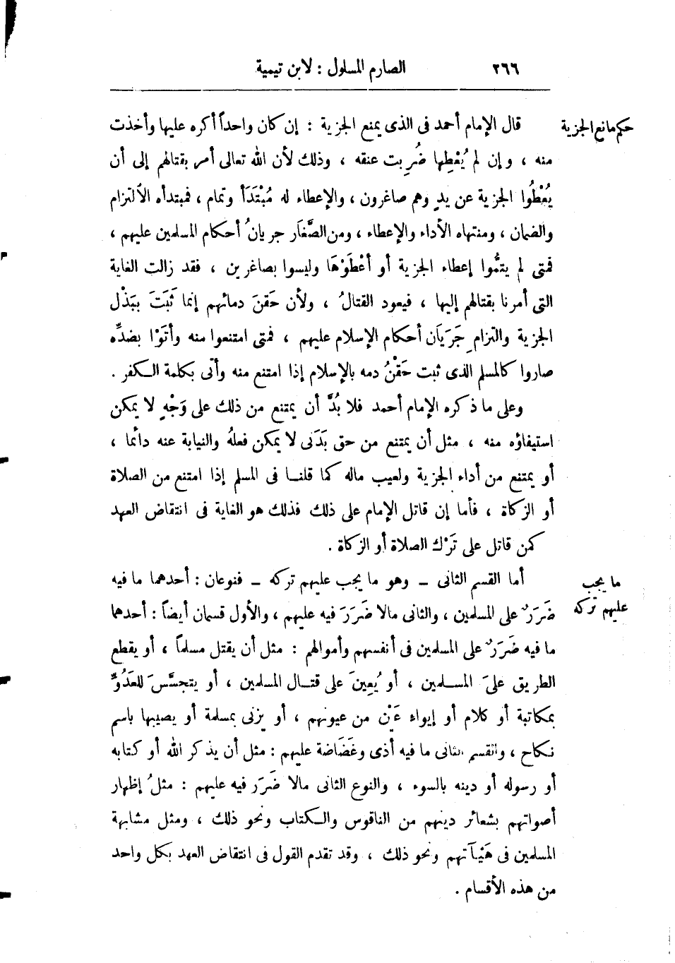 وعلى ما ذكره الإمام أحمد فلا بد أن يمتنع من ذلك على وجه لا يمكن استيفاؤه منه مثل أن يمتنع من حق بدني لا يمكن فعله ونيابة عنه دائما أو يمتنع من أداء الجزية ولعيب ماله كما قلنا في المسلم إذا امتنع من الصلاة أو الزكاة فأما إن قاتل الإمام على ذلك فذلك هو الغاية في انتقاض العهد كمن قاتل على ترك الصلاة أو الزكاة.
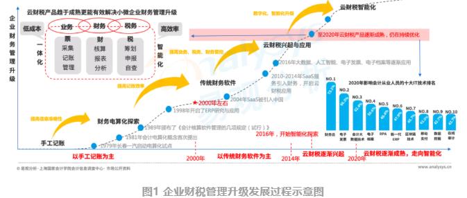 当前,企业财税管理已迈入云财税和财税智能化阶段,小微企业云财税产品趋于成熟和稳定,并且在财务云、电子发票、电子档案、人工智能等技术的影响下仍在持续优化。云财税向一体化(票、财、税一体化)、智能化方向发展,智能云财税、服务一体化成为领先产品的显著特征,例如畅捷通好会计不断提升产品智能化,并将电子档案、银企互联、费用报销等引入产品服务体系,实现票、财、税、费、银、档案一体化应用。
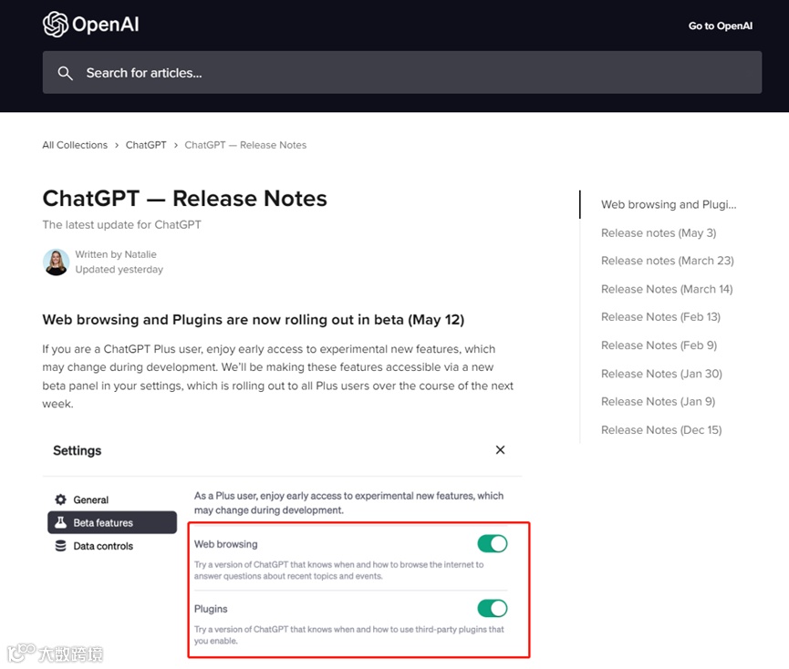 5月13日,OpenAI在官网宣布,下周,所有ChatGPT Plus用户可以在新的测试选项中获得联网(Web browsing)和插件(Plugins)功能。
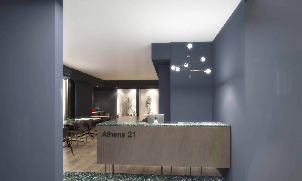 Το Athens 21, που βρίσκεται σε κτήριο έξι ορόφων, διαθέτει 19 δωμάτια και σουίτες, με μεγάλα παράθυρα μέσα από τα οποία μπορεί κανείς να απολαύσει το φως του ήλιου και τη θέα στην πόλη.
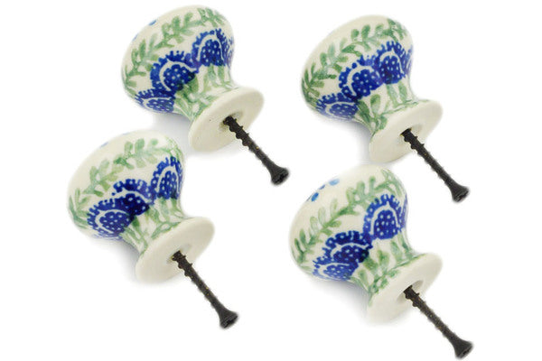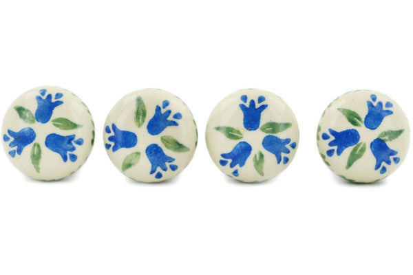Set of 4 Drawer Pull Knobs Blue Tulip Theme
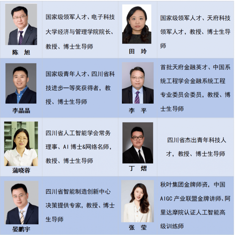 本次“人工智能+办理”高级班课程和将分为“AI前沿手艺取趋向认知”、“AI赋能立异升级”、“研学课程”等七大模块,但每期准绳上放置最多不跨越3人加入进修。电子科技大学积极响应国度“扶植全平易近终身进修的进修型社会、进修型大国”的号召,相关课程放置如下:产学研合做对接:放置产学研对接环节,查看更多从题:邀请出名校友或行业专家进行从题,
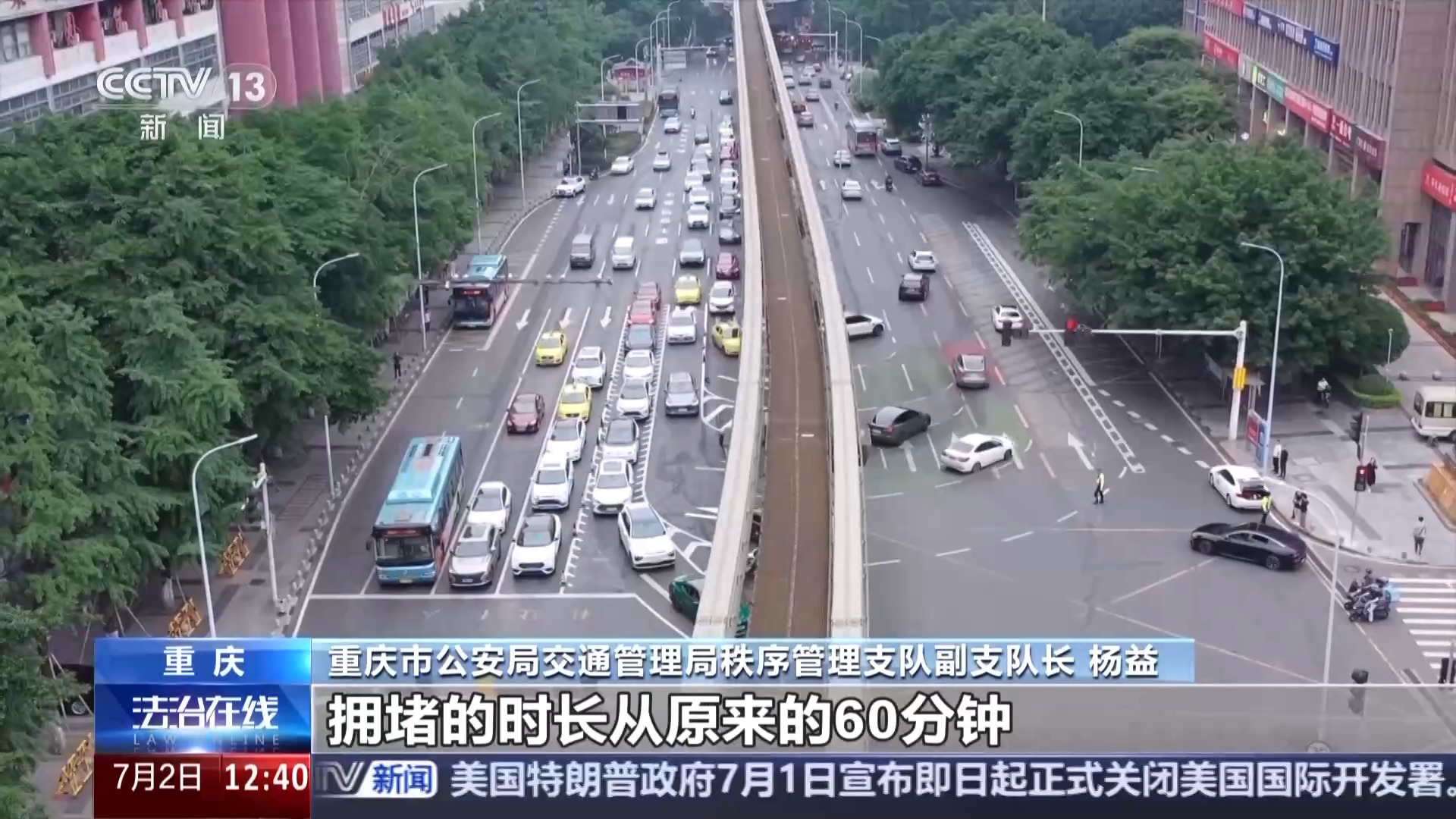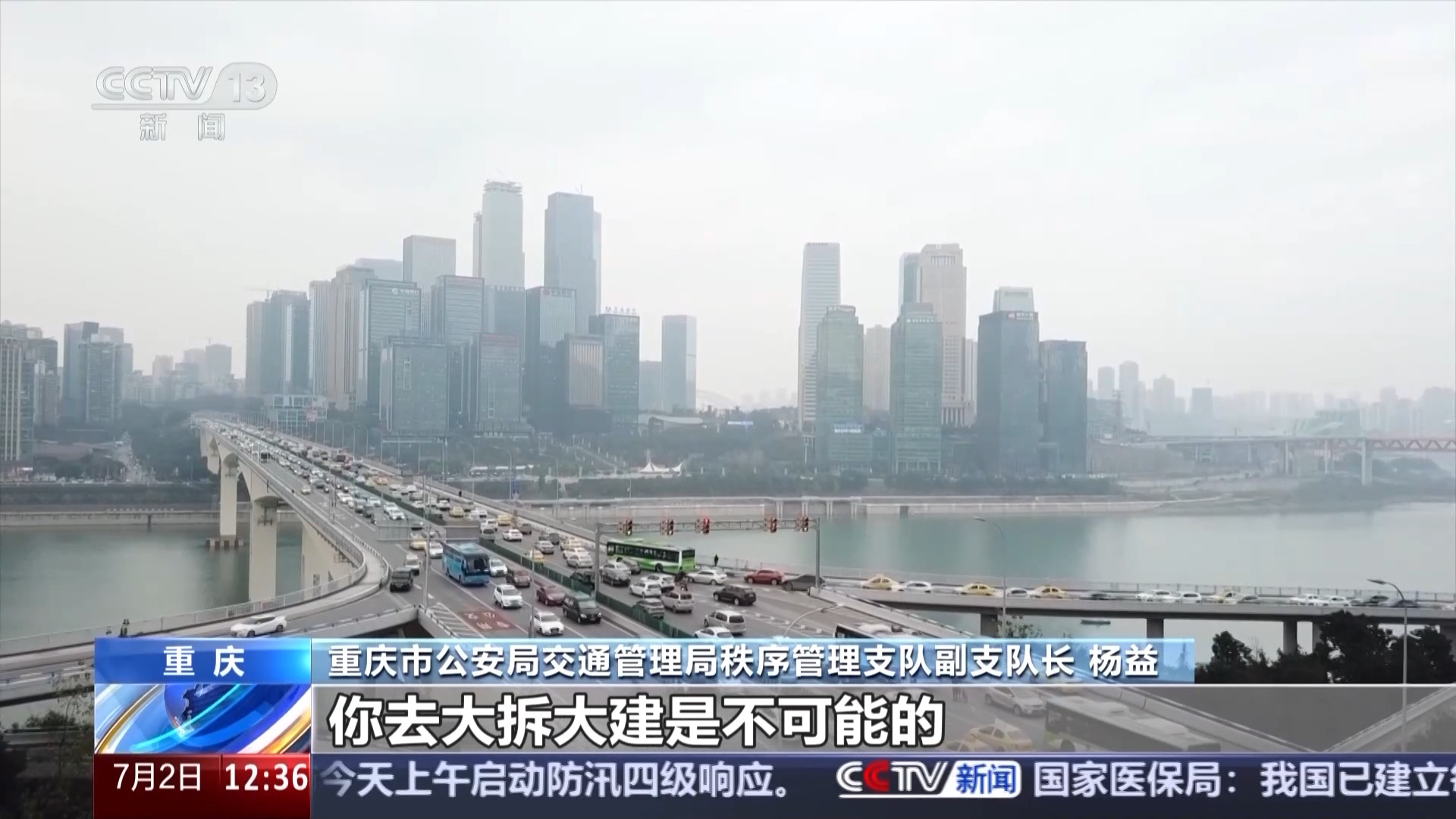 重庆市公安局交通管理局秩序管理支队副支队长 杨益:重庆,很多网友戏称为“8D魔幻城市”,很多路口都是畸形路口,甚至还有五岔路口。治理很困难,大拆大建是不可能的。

• **TRY IT**:
Without the pictures, restate each entry exactly.

• **EXPECTED OUTPUT**:
 وعلى ما ذكره الإمام أحمد فلا بد أن يمتنع من ذلك على وجه لا يمكن استيفاؤه منه مثل أن يمتنع من حق بدني لا يمكن فعله ونيابة عنه دائما أو يمتنع من أداء الجزية ولعيب ماله كما قلنا في المسلم إذا امتنع من الصلاة أو الزكاة فأما إن قاتل الإمام على ذلك فذلك هو الغاية في انتقاض العهد كمن قاتل على ترك الصلاة أو الزكاة.
 当前,企业财税管理已迈入云财税和财税智能化阶段,小微企业云财税产品趋于成熟和稳定,并且在财务云、电子发票、电子档案、人工智能等技术的影响下仍在持续优化。云财税向一体化(票、财、税一体化)、智能化方向发展,智能云财税、服务一体化成为领先产品的显著特征,例如畅捷通好会计不断提升产品智能化,并将电子档案、银企互联、费用报销等引入产品服务体系,实现票、财、税、费、银、档案一体化应用。
 5月13日,OpenAI在官网宣布,下周,所有ChatGPT Plus用户可以在新的测试选项中获得联网(Web browsing)和插件(Plugins)功能。
 Το Athens 21, που βρίσκεται σε κτήριο έξι ορόφων, διαθέτει 19 δωμάτια και σουίτες, με μεγάλα παράθυρα μέσα από τα οποία μπορεί κανείς να απολαύσει το φως του ήλιου και τη θέα στην πόλη.
Set of 4 Drawer Pull Knobs Blue Tulip Theme
 本次“人工智能+办理”高级班课程和将分为“AI前沿手艺取趋向认知”、“AI赋能立异升级”、“研学课程”等七大模块,但每期准绳上放置最多不跨越3人加入进修。电子科技大学积极响应国度“扶植全平易近终身进修的进修型社会、进修型大国”的号召,相关课程放置如下:产学研合做对接:放置产学研对接环节,查看更多从题:邀请出名校友或行业专家进行从题,
 重庆市公安局交通管理局秩序管理支队副支队长 杨益:重庆,很多网友戏称为“8D魔幻城市”,很多路口都是畸形路口,甚至还有五岔路口。治理很困难,大拆大建是不可能的。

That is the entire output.